In February 1960, as NASA pushed forward with reliability tests on the Mercury capsule, four students from North Carolina Agricultural and Technical, a black college in Greensboro, North Carolina, sat down at the segregated lunch counter in the town’s Woolworth’s and refused to move until they were served. The following day, the “Greensboro Four” had become a group of twenty activists. On the third day, sixty students converged upon the Woolworth’s, and by the fourth, three hundred had joined the demonstration. Participating were students from Bennett College, an all-black women’s college in Greensboro, as well as white students from Guilford College and the Women’s College of the University of North Carolina. Within a week, the protests, inspired by the nonviolent actions of India’s Mahatma Gandhi, spread to other cities in North Carolina, and then crossed the borders into Kentucky, Tennessee, and Virginia. The students started calling their protests “sit-downs” or “sit-ins.” The prison sentences that often attended their activism did nothing to quell their ardor. “Dear Mom and Dad: I am writing this letter tonight from a cell in the Greensboro jail. I was arrested this afternoon when I went into a lily-white lunch room and sat down . . .” wrote a young Portsmouth woman who attended North Carolina A&T. Like a match on dry kindling, the sit-ins set aflame Negroes’ smoldering, long-deferred dream of equality with a speed and intensity that took even the black community by surprise.
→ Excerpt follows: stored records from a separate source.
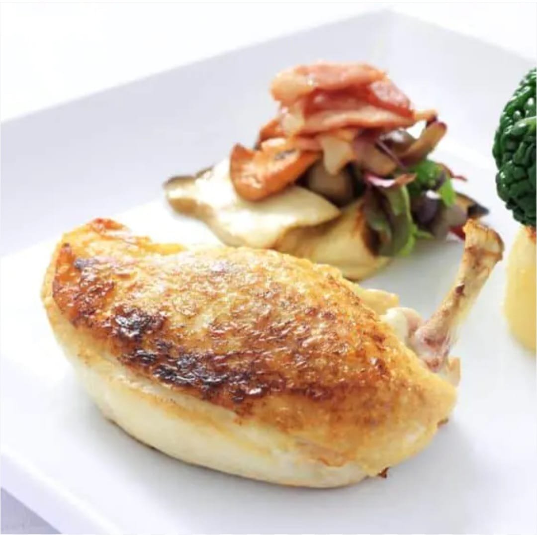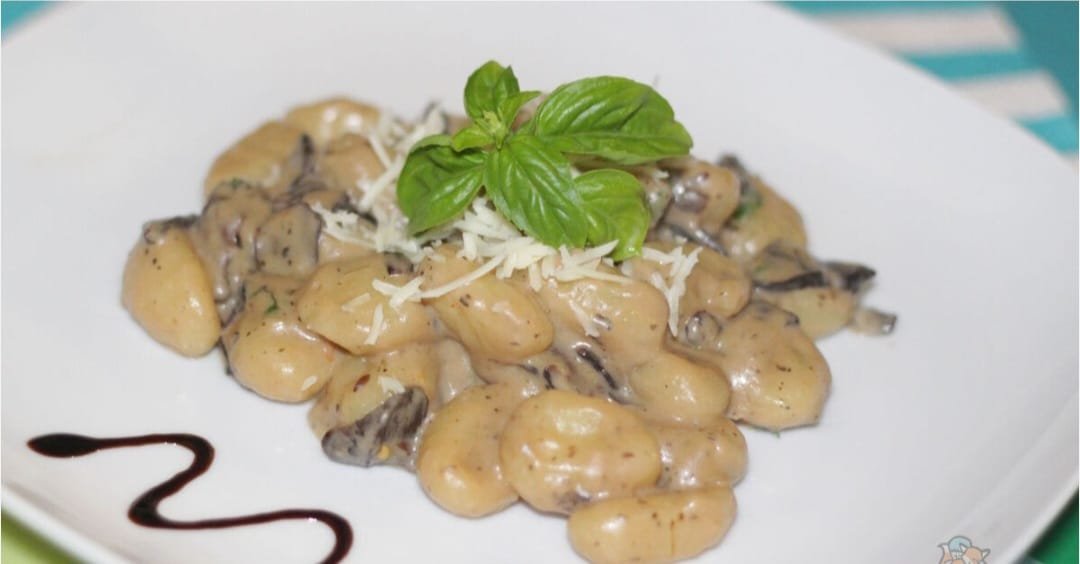 Homemade gnocchi, chicken meat, chanterelles mushrooms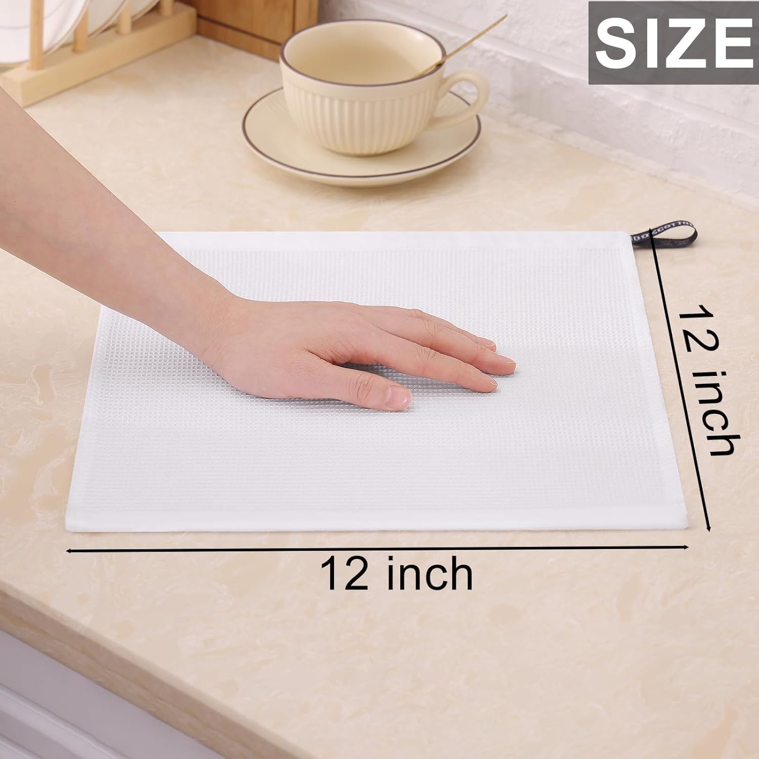 Homaxy 100% Cotton Waffle Weave Dish Cloths - 12 Pack Soft and Absorbent Dish Towels - 12 x 12 Inches Quick Dry Dish Rags - White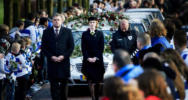 Members of SC Buitenboys lay roses on the hearse carrying Richard Nieuwenhuizen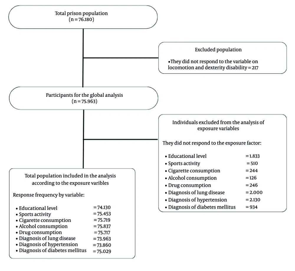 The first national penitentiary population census of 2016 recorded a total of 76,180 participants. For this study, individuals who did not respond to the outcome variable representing locomotion and dexterity disability were excluded (n = 217). As a result, 75,963 inmates were included in the final population analyzed in the study (Figure 1).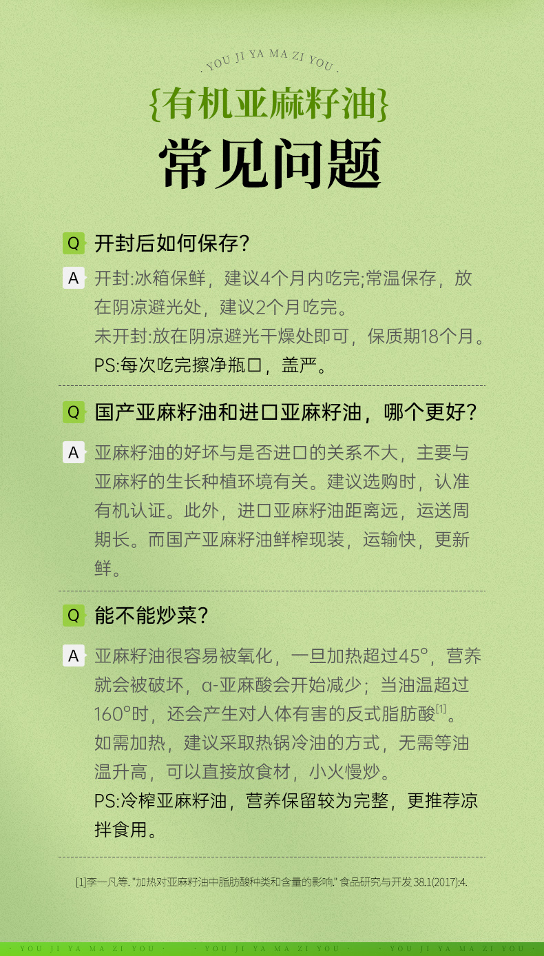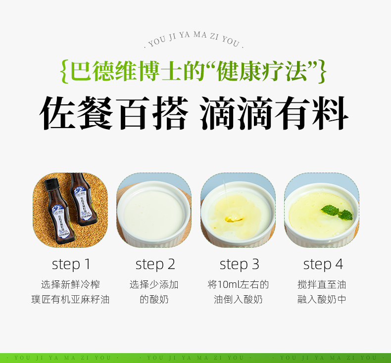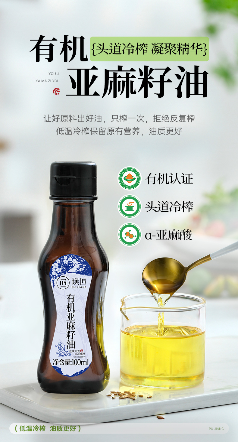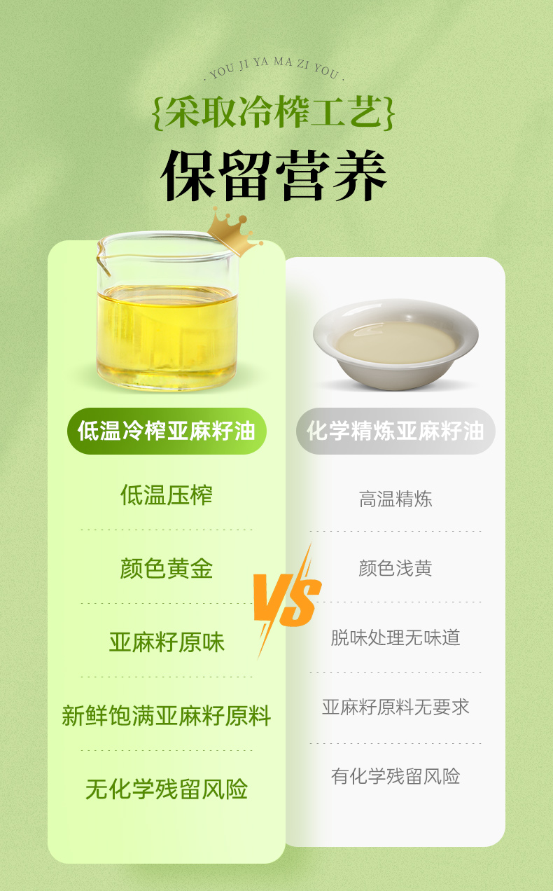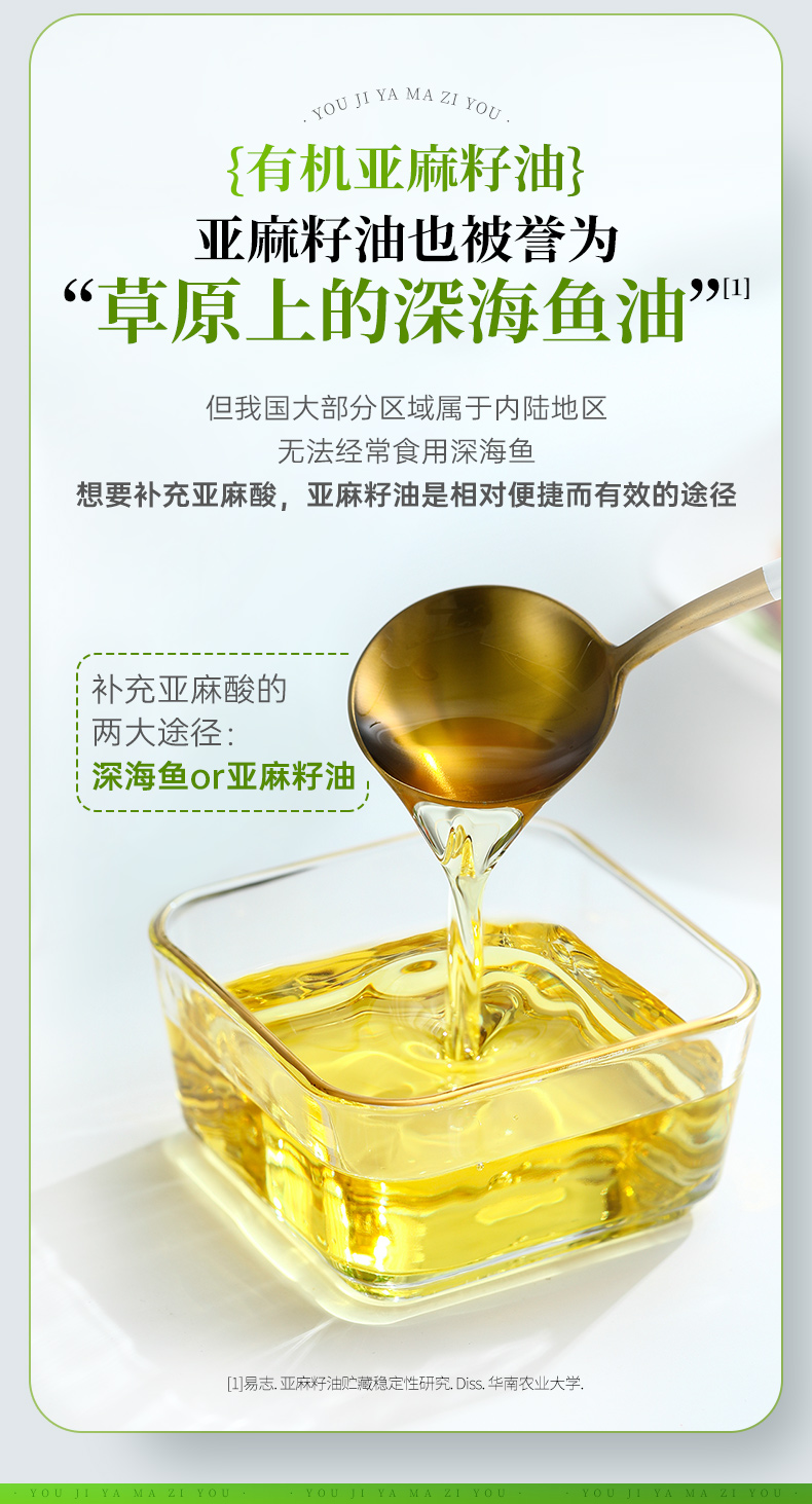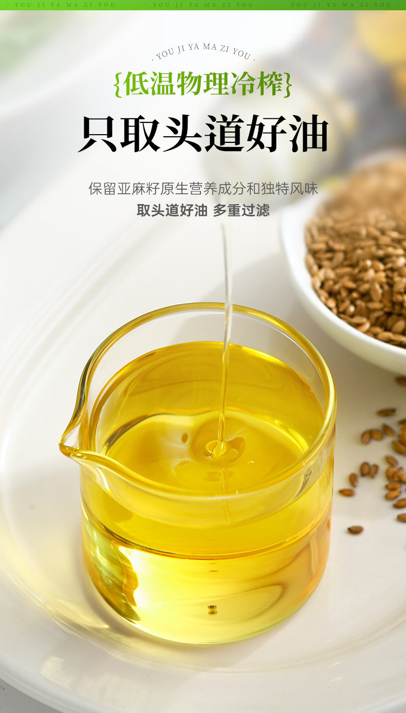 有机亚麻籽油冷榨压榨炒菜辅食拌酸奶食用油亚麻籽油官方旗舰店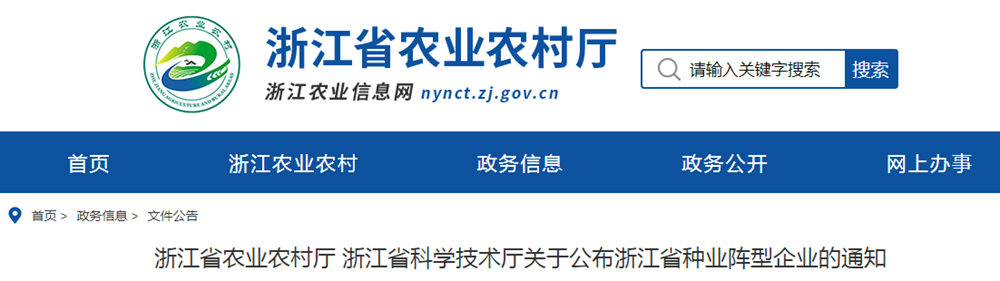喜報!青蓮食品認定為浙江省種業陣型企業!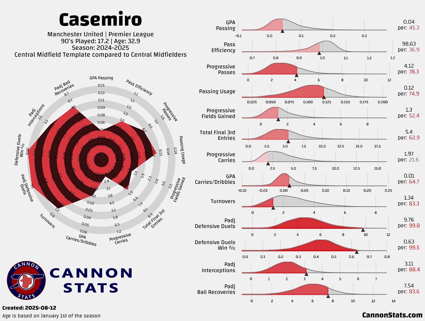 The last major part of the midfield right now is Casemiro but this is not the same player who was a major contributor to winning Champions Leagues at Real Madrid (he also isn’t paired with a Kroos and Modric). Casemiro was never the major ball progressor and that hasn’t really changed as he as aged. He still puts up good ball winning numbers but the guy that could cover world class levels of space is not coming back.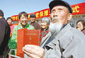 河北黄骅 60岁以上农民领养老金 4月1日,在河北省黄骅市滕庄子乡西胡庄村,92岁的胡学甲老人领到农村基本养老保障金领取证和养老保障金存折。 今年年初,黄骅市推出农村基本养老保障制度,采取个人缴费和政府补贴的办法,年龄在45岁及以上的农民可通过一次性交纳数额不等的参保金加入农村基本养老保障,并从60岁开始每月领取养老金,80岁以上老人不用交纳参保金可直接领取养老金。 新华社发(傅新春 摄)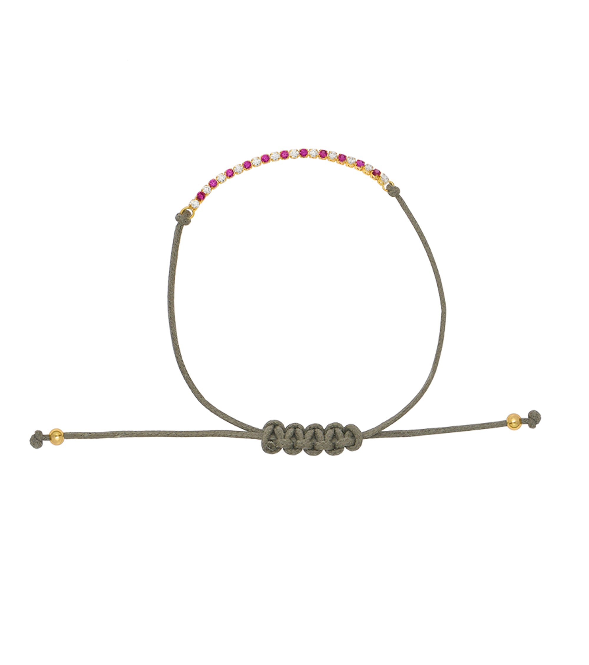 Red Alternating Tennis Taupe Braided Cord Bracelet

Hampton Institute was the first school outside of North Carolina to organize a sit-in. On the campus, many students had come into contact with one of the early icons of a mobilization that seemed to be gaining national momentum. Five years earlier, Rosa Parks, the Montgomery, Alabama, seamstress and NAACP member, refused to yield her seat on a city bus to a white man, galvanizing the bus boycott led by Martin Luther King Jr. and Ralph Abernathy. A ferocious backlash against Parks ensued: she received death threats, and both she and her husband, Raymond, were blacklisted from employment in Montgomery. The president of Hampton Institute reached out to Parks, offering her a job as a hostess at the university’s faculty dining room, the Holly Tree Inn. Parks accepted, arriving on campus in 1957 and working at the restaurant into 1958.

When the sit-ins came to Hampton, Christine Darden was an eighteen-year-old Hampton Institute junior carrying a double course load. Her father had insisted that she earn a teaching certificate as a backup plan for her pursuit of a career in the sciences. Christine found herself captivated by the incipient activist movement, and despite carrying a full semester of courses in math and physics and extra classes in teacher education, she found time to join the protests, which eventually swelled into marches of more than seven hundred. Students walked across the Queen Street Bridge to downtown Hampton and converged on the lunch counters at Woolworth’s and Wornom’s, the local drug store. They quietly occupied the stores, some sitting at tables reading and working on homework assignments, until the owners shut down their establishments in the middle of the afternoon. The next month, five hundred students staged a peaceful protest through downtown Hampton. An outspoken group of thirteen movement leaders held a press conference with local newspapers. “We want to be treated as American citizens,” they told the reporters. “If this means integration in all areas of life, then that is what we want.”

Christine also decided to join the voter registration drives organized at Hampton, walking door-to-door in black neighborhoods along Hampton’s Shell Road and Rip Rap Road, imploring black voters to register in time to make their voices heard in the November 1960 presidential showdown between the Republican, Vice President Richard Nixon, and the Democrat, Senator John F. Kennedy of Massachusetts.